As written by Yordan and portrayed by Cornel Wilde, Diamond is a straight-laced, stoic cop, obsessive in both his pursuit to bring down Brown and in his desire for good girl-turned-bad Susan. However, like most straight, moral, overly righteous folks, there is a bit of a dark side to the Lt., he has a girl, Rita (Helene Stanton), who works as a stripper and who likes our cop hero. Rita knows she’s playing second fiddle to another woman but she’s stuck on the guy. One night when she is ready to leave his place, she tells him, “When she hurts you again, baby, don’t wait six months.”

The film drips with suggestive sex that was made slyly enough to get past the censors. At one point Richard Conte is nuzzling on Jean Wallace’s neck and then begins a slow trip southward, slowly moving down to her shoulder, continuing on down until he is out of frame, the camera staying focused on Wallace’s now orgasmic face. The suggestion of oral sex slid by the censors after director Joseph H. Lewis played naive, telling the production code board he never thought about where Conte was heading once he was below and out of frame. The scene did not get by Wilde, Wallace’s real life husband, who Lewis made sure was off the set the day the scene was filmed. When he later found out, Wilde was angered with Lewis for involving his wife in such a suggestive display. According to a Lewis interview with Peter Bogdanovich, Wilde never forgave him.

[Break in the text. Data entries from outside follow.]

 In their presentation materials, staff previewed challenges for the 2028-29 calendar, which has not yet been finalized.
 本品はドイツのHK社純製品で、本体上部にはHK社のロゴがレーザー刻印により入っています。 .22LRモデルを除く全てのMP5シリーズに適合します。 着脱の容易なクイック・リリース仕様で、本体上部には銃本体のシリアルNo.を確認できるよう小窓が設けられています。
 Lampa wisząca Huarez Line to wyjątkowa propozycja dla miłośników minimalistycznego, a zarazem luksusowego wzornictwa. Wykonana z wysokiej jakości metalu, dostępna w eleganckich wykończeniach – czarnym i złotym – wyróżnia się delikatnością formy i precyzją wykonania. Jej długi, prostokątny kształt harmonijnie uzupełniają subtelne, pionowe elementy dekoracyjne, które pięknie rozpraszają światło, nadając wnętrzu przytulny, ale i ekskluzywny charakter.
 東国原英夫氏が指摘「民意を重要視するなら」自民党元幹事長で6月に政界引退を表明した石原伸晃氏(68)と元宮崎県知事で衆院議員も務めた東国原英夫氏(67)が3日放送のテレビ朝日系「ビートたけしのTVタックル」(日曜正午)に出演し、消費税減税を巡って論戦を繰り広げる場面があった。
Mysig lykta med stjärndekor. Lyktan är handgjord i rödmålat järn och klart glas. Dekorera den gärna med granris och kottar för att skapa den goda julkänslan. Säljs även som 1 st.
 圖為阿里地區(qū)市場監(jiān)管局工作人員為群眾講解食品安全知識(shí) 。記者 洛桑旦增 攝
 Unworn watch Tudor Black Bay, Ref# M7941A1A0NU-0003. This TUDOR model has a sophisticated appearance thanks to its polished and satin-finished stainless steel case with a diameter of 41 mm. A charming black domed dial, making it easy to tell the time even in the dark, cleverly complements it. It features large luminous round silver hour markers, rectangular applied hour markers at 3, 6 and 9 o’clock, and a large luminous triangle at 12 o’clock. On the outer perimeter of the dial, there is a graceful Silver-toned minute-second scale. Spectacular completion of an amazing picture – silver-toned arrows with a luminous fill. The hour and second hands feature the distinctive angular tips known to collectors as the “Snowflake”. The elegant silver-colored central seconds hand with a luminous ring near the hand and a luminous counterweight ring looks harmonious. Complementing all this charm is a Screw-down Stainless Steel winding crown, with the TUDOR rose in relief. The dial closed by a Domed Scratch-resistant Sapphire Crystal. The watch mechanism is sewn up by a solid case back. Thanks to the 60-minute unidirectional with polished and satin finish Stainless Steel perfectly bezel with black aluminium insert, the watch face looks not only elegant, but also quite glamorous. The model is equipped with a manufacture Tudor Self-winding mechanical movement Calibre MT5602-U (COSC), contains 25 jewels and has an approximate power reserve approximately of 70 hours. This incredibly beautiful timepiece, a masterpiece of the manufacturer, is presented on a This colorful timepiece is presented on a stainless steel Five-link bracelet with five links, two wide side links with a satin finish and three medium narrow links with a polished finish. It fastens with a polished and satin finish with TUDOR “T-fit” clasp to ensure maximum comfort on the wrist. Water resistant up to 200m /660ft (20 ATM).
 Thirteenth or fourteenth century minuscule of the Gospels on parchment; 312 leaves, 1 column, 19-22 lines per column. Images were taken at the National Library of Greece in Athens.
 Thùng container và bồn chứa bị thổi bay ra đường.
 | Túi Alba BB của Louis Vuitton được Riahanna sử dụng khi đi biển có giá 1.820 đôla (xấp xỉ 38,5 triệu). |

Then there are the homosexual overtones between Fante and Mingo, including a scene where, after being offered a sandwich by Fante, Mingo says, “I couldn’t swallow any more salami.” Sophisticated audiences of the day would have picked up on the subtle suggestiveness of these scenes while more naive audiences, most likely, did not read between the lines and missed the subtext.

Richard Conte is appropriately nasty in his role as Mr. Brown, a man who trusts no one, eventually betraying even his two loyal henchmen, Fante and Mingo. Cornel Wilde is rather stiff as the dogged cop, but it fits the uptight character he is playing. Jean Wallace also seems a bit standoffish but again, the role of a snobby, cool, rich girl gone bad seems to work. Along with Brian Donlevy, Lee Van Cleef, Earl Holliman and Helene Stanton, the supporting cast includes a colorful gallery of character actors like Robert Middleton, Jay Adler, Ted De Corsia and Whit Bissell.

The real stars of the film though are cult director Lewis and cinematographer John Alton, who combine their crafts to create a world filled with high contrast lighting and dark shadowy figures which helps to cover up the bare bone sets. Add to this David Raskin’s impressive score and you have a B-film masterpiece. The film was released in 1955 through Allied Artists, formerly Monogram Pictures, one of Poverty Row’s best-known entities.